Supplied data
Start of Block
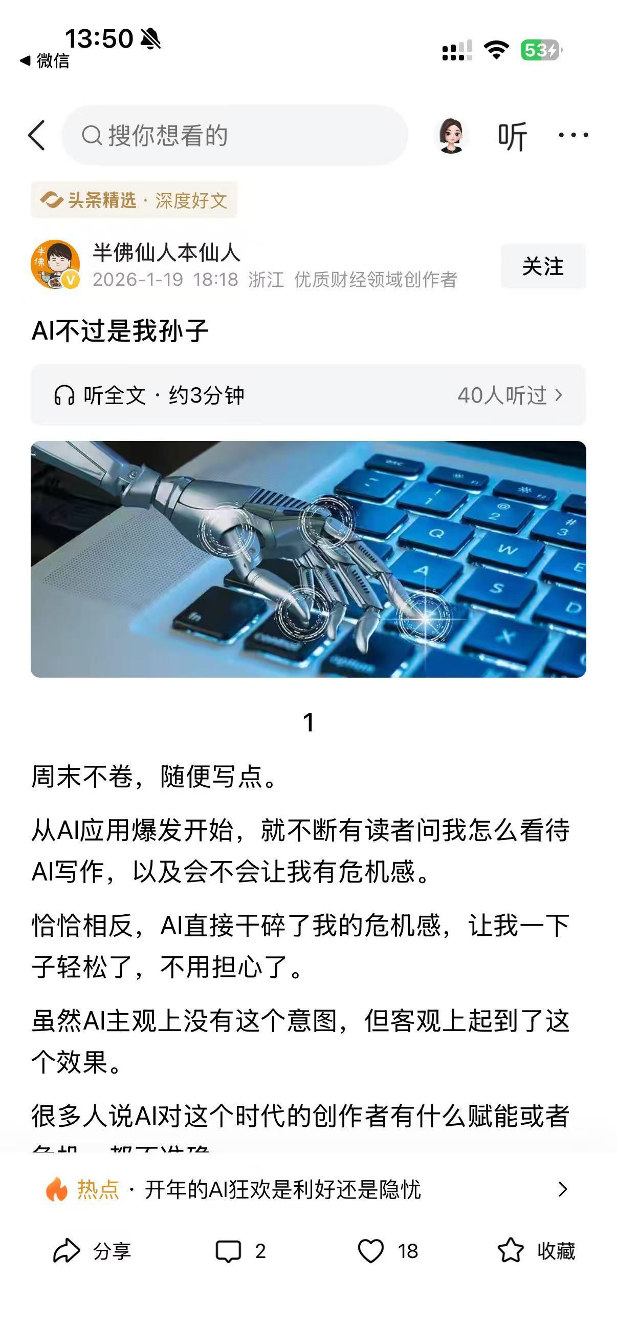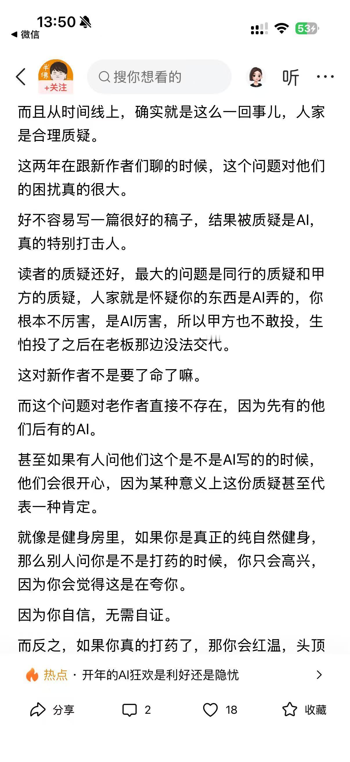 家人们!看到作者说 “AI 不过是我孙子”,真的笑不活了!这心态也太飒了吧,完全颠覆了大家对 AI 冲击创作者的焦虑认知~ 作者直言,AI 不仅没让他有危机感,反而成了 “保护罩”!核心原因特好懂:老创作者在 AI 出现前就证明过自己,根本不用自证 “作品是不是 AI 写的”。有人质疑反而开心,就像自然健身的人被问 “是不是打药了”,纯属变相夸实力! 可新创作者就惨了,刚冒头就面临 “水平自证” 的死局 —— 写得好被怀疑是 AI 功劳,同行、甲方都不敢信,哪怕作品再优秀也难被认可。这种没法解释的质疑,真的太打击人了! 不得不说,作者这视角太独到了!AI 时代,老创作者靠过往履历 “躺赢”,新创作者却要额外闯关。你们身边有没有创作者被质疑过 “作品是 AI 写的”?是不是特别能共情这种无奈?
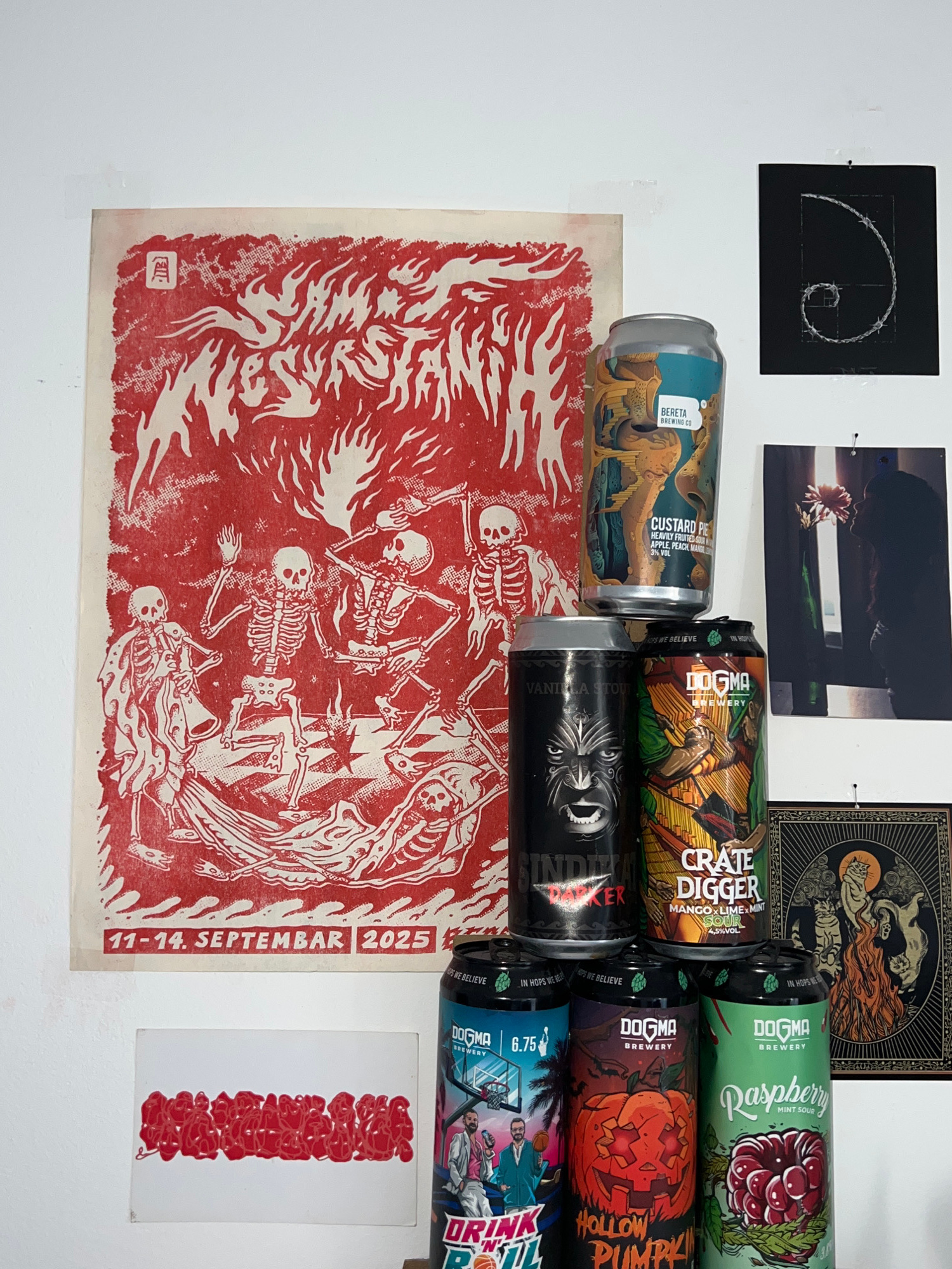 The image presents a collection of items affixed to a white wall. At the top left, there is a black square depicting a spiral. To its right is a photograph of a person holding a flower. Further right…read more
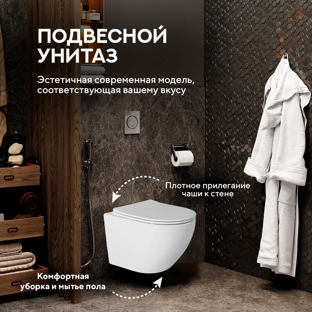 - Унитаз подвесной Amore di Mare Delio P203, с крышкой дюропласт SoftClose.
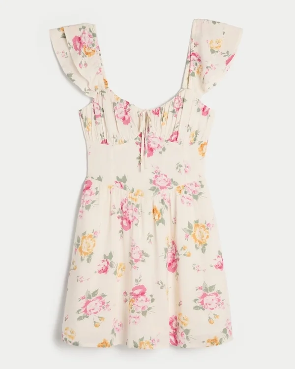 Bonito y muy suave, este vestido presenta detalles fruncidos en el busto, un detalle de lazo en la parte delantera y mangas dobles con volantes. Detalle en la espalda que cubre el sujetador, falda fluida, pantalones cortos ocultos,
End of Block
Problem to solve
Return nothing except the lines from the one containing "- Унитаз подвесной" through the final line of the data, copied exactly. Leave out all pictures.

Task output
 - Унитаз подвесной Amore di Mare Delio P203, с крышкой дюропласт SoftClose.
 Bonito y muy suave, este vestido presenta detalles fruncidos en el busto, un detalle de lazo en la parte delantera y mangas dobles con volantes. Detalle en la espalda que cubre el sujetador, falda fluida, pantalones cortos ocultos,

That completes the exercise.